The latter is important because some states, including New Jersey and, with some restrictions, Pennsylvania, declare gift cards to be unclaimed property if they’re not used in a specified period after they’re issued and require the issuers to pay them the amounts left on the cards.

“We solve that problem because we know who owns the card at all points in time,” Moore said.

Clutch generates revenue when people use its app to buy gift cards and redeem offers. To date, most of its arrangements with merchants and manufacturers are not direct ones, but Moore said it plans to try to change that next year.

Not having many direct relationships with merchants and manufacturers hasn’t stopped the company from getting goodies for its app’s users.
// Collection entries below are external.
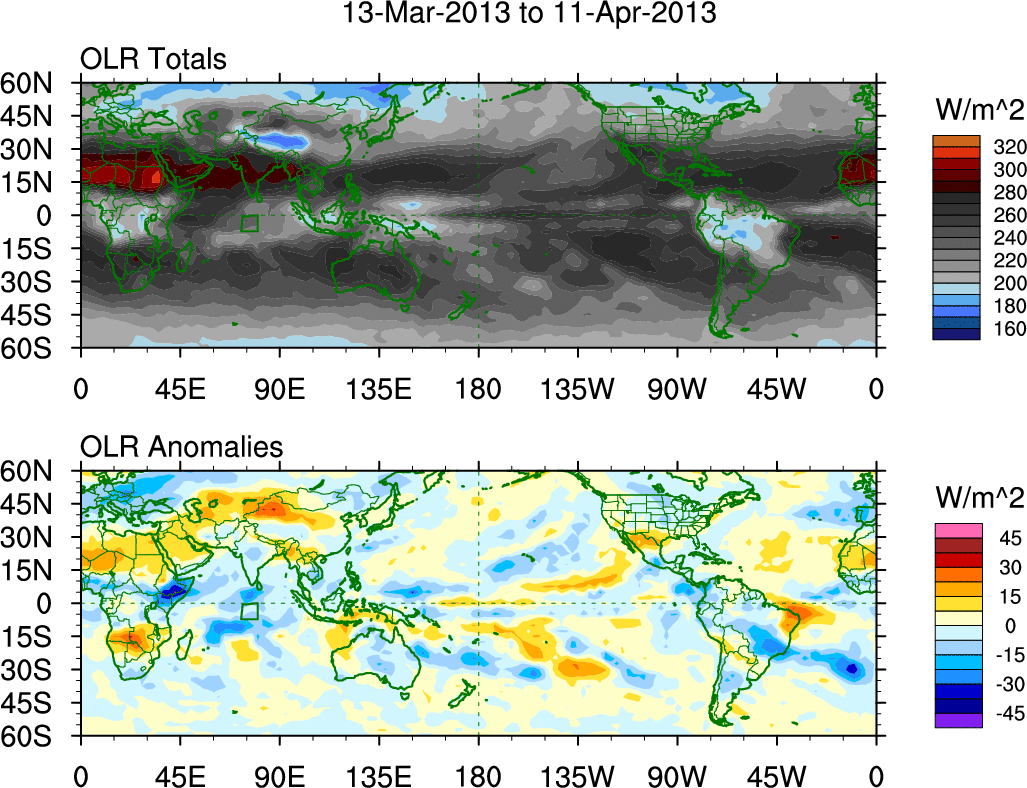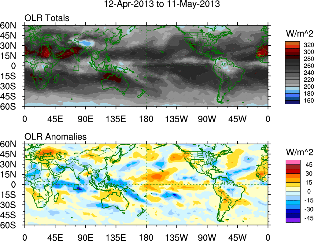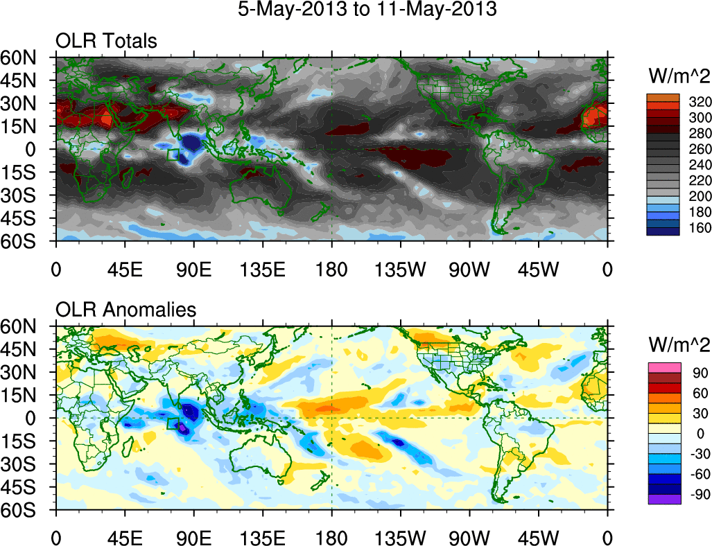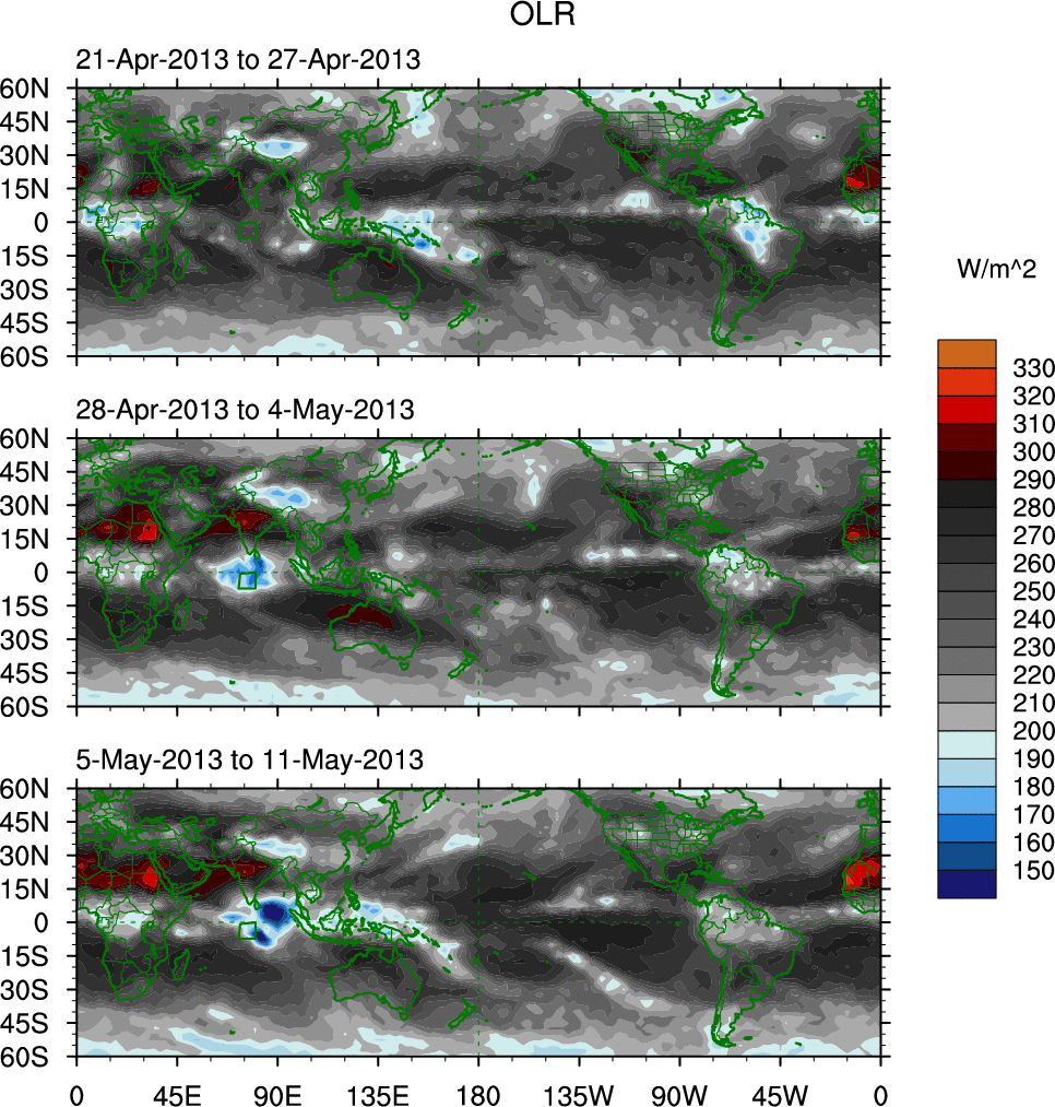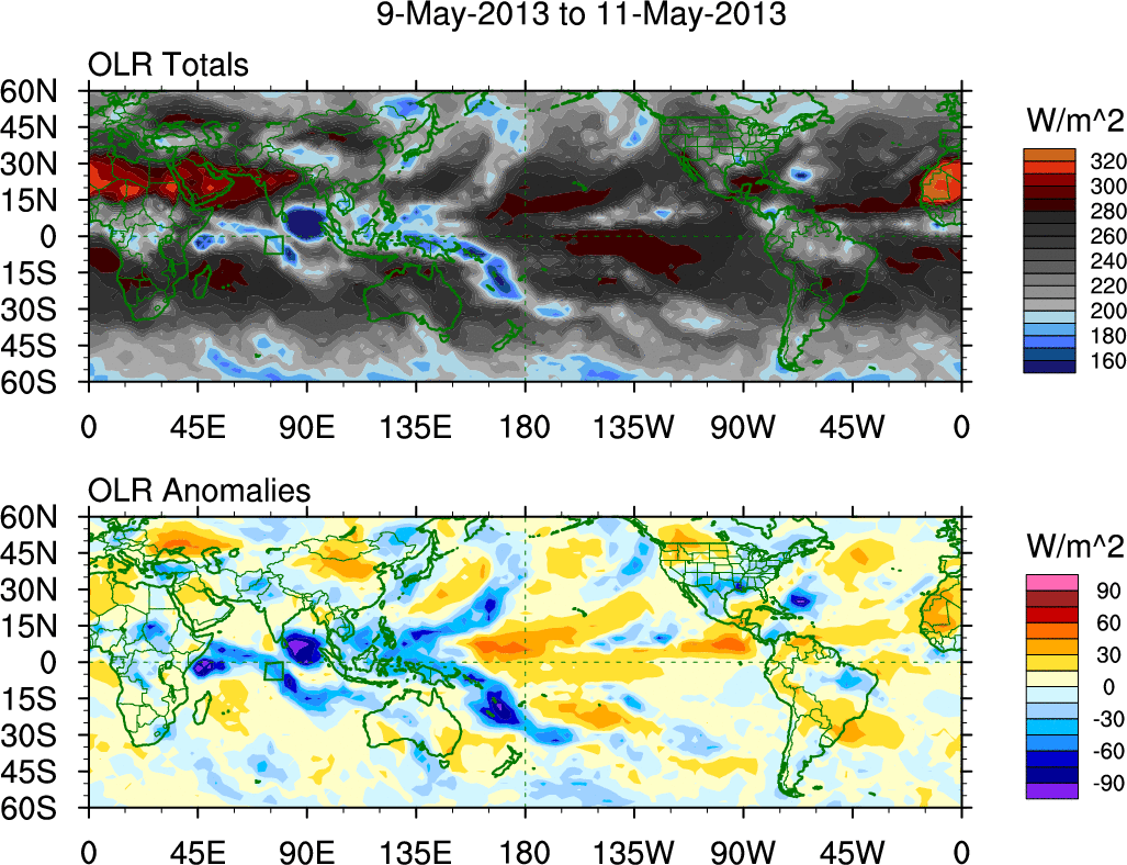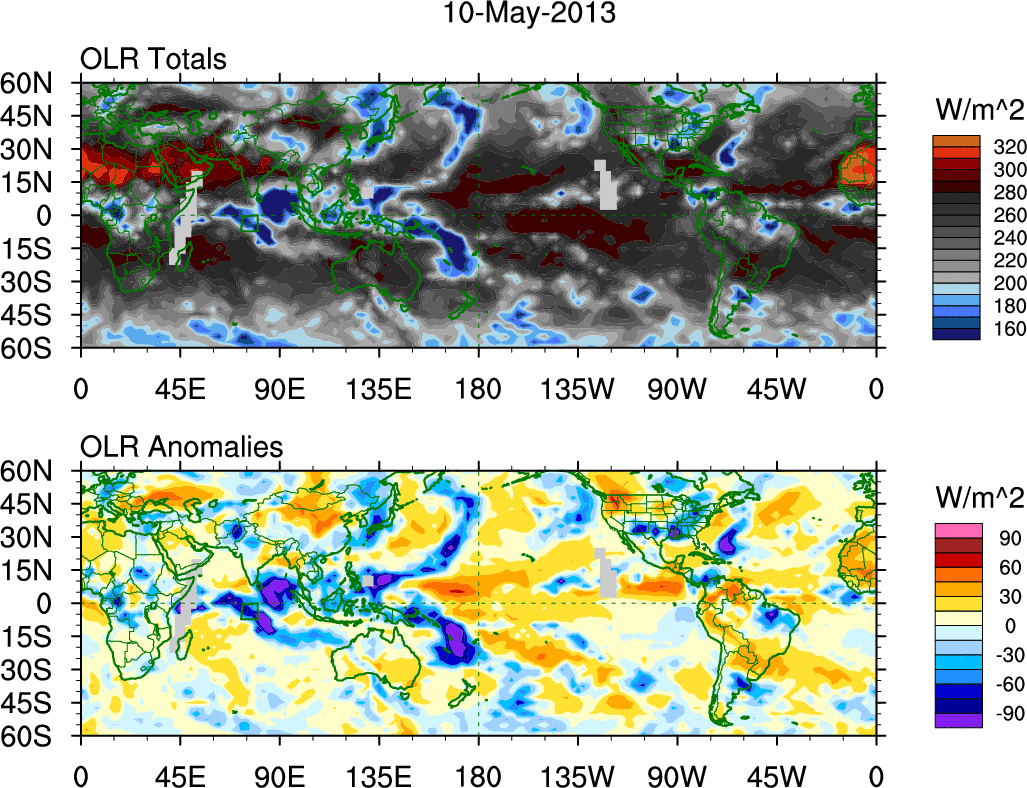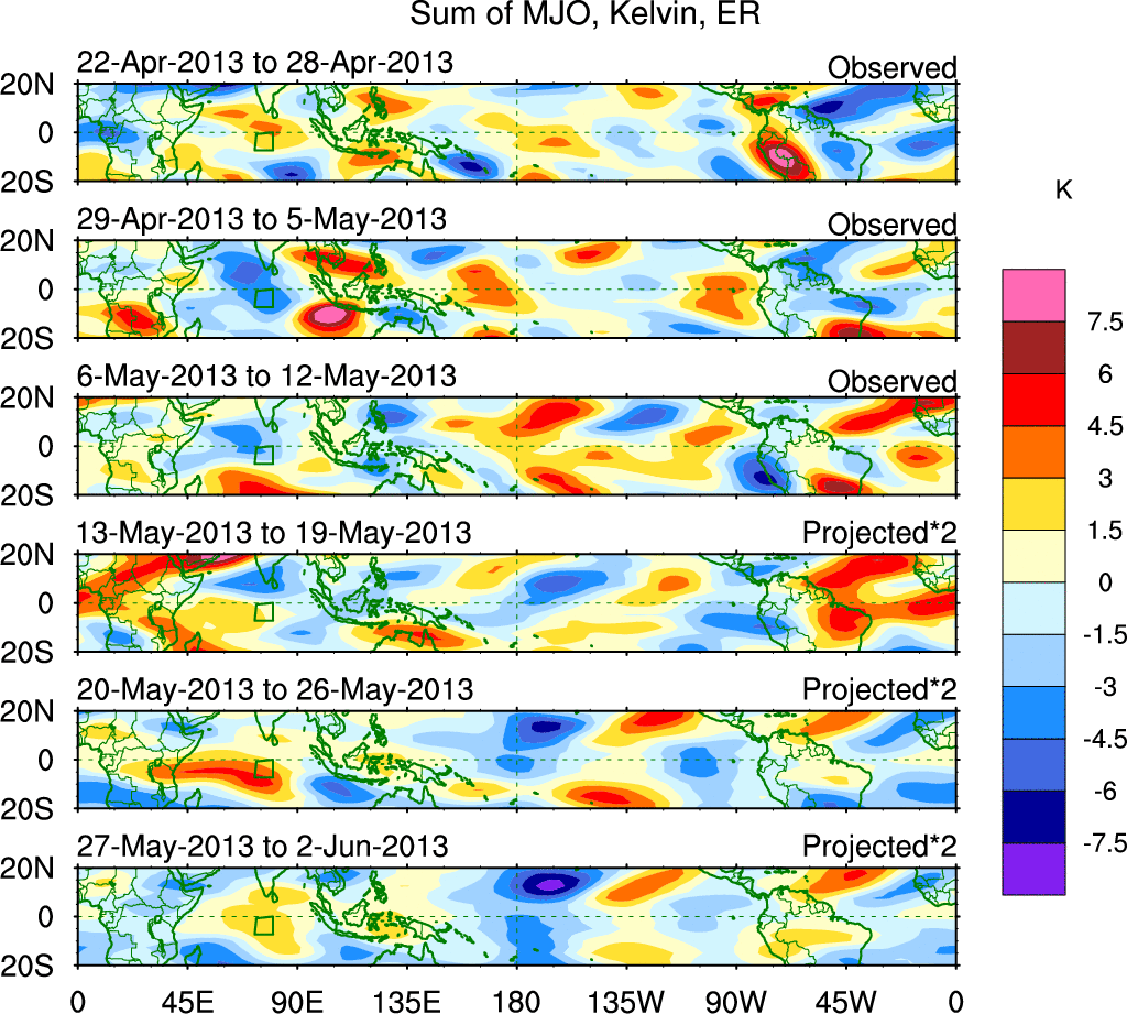 To identify tropical waves in near real-time, the OLR and UTWV data are filtered following Wheeler & Weickmann (2001 MWR). The daily anomalies are calculated using the first 3 harmonics of the seasonal cycle for 1979–2009. Missing values are then filled using linear interpolation in space and time. The most recent 365 days of anomalies are padded with 659 days of zeroes, and the result is filtered for each wave type.
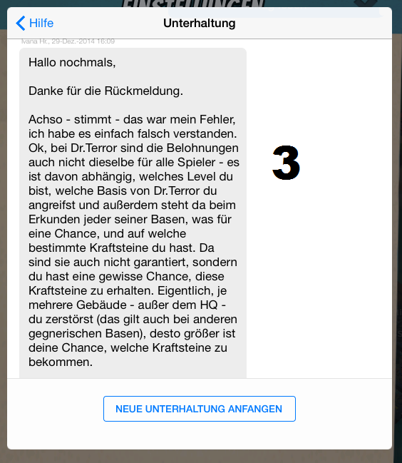 Hier ging es um die Beantwortung der Frage ob bei allen die Ausbeute an Kraftsteinen beim Doc gleich sind, da viele im EK andere Erfahrungen gemacht haben (Auch im gleichen Level). Unten die erstaunliche Antwort die von SC eigentlich, auf andere Anfragen und im offiziellen Forum, anders beschrieben wurde. Wichtig die Aussage bzgl. Zerstörung der Gebäude ... siehe Bild 3
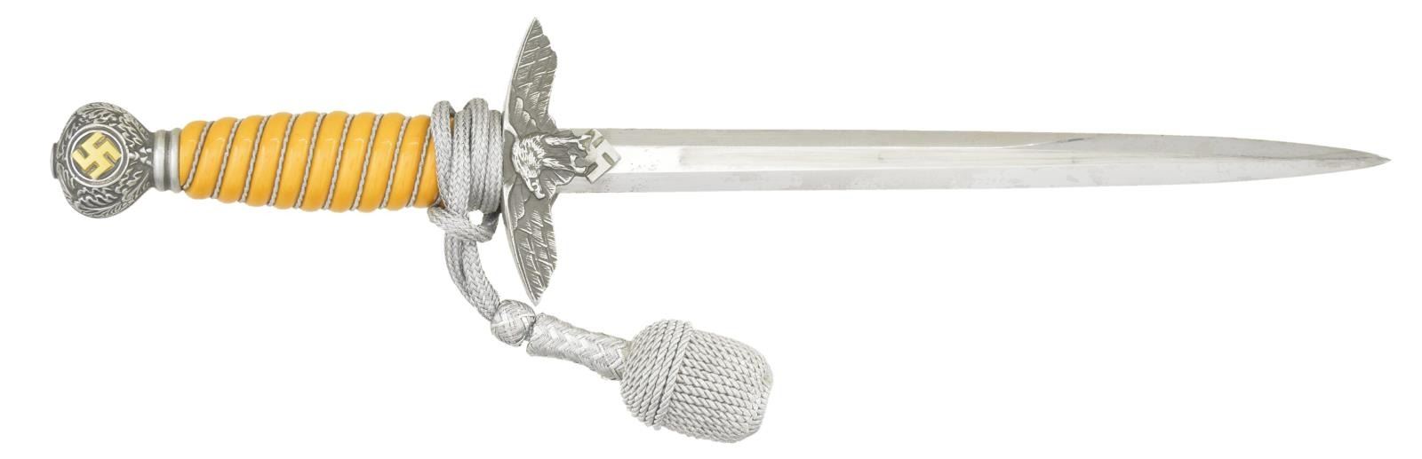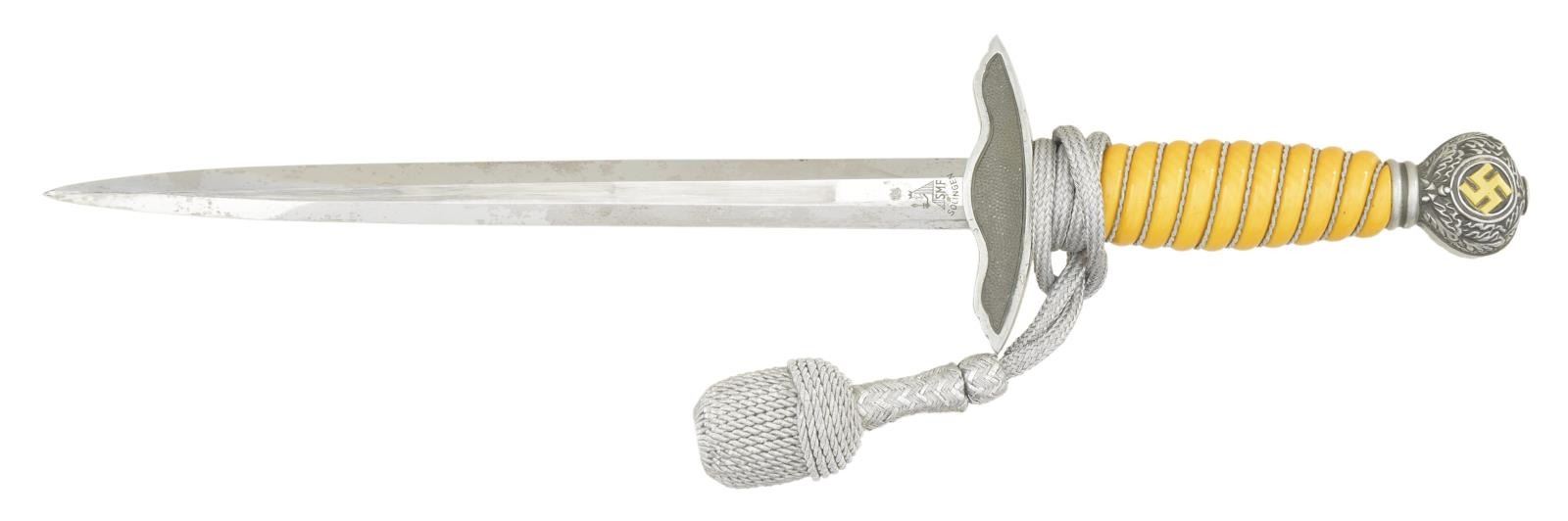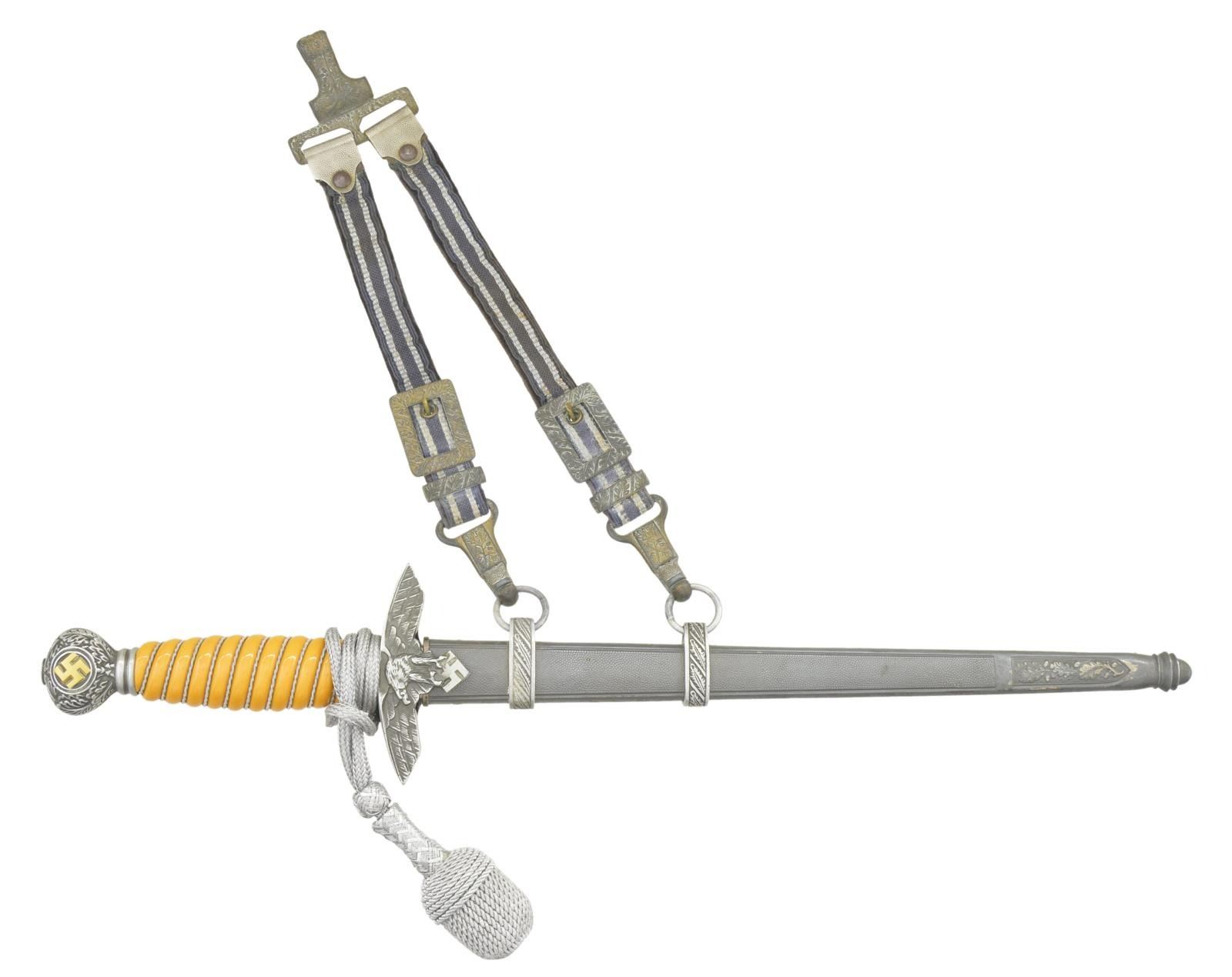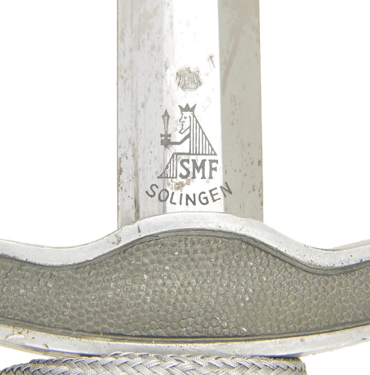 Overall length: 17". Plain blade stamped near the hilt “(king) SMF SOLINGEN”. There is a small waffenamt “5” above the maker’s mark. Aluminum eagle cross guard with oak leaf & gold party symbol decorated pommel. Aluminum wire-wrapped dark yellow grip with silver bullion knot attached. Plated scabbard with aluminum suspension bands. Correct deluxe hanger attached. CONDITION: blade has substantial original factory polish. Hilt shows light overall wear. Knot also shows light wear. Scabbard has a dark patina with a few areas of oxidation between the bands. Hangers show light wear. PROVENANCE: From the Lifelong Collection of Glen E. Mattox. (02-18297/BF). $400-700.

When it launched the app on Dec. 6, Clutch said the app supported hundreds of merchants and brands and aggregated more than 100,000 deals, offers and rebates daily.

Clutch timed the launch of the app to the start of the holiday shopping season, but just far enough past Black Friday and Cyber Monday that it wouldn’t get buried in the blizzard of publicity around those days.

Among other things, it’s touting the app as good for procrastinators.

“You can [use it to] electronically buy a gift card and send it and send along a video if you want,” Moore said. “You can personalize it with a video or a picture and you can buy pretty late in the game and still get that done instantly.”

Shopping apps are seeing wide use. Forty-seven percent of smartphone owners used them at least once in June, according a post on The Nielsen Co.’s blog in August. The three most widely used, by a sizable margin, were the apps from eBay, Amazon and Groupon, although two retailers — Walgreens and Target — also had apps among the 10 shopping apps used the most in June.

Andrew B. Morris, a principal in inCode Consulting Group’s mobile commerce practice, said Clutch’s success will be predicated on whether consumers find using its app easier than using single-function or single-brand mobile-commerce apps and whether merchants and manufacturers will give up the control they get from having their own apps in exchange for the peace of mind they’ll get from not having to worry about developing their own apps and keeping them up to date.

What’s likely to happen, he thinks, is that some consumers and merchants and manufacturers will embrace Clutch — and similar apps that come on the market — and some will continue to use and issue single-function or single-brand mobile-commerce apps, just as consumers pay some bills online by going to the individuals billers’ websites and others by going to centralized sites, such as the ones operated by their banks.

“I think this is going to work the same way,” he said. “The retailers are going to have their own apps … [and] there also will be customers who prefer that integrated experience and in order for retailers to reach them, they’re going to have to participate in something like Clutch.”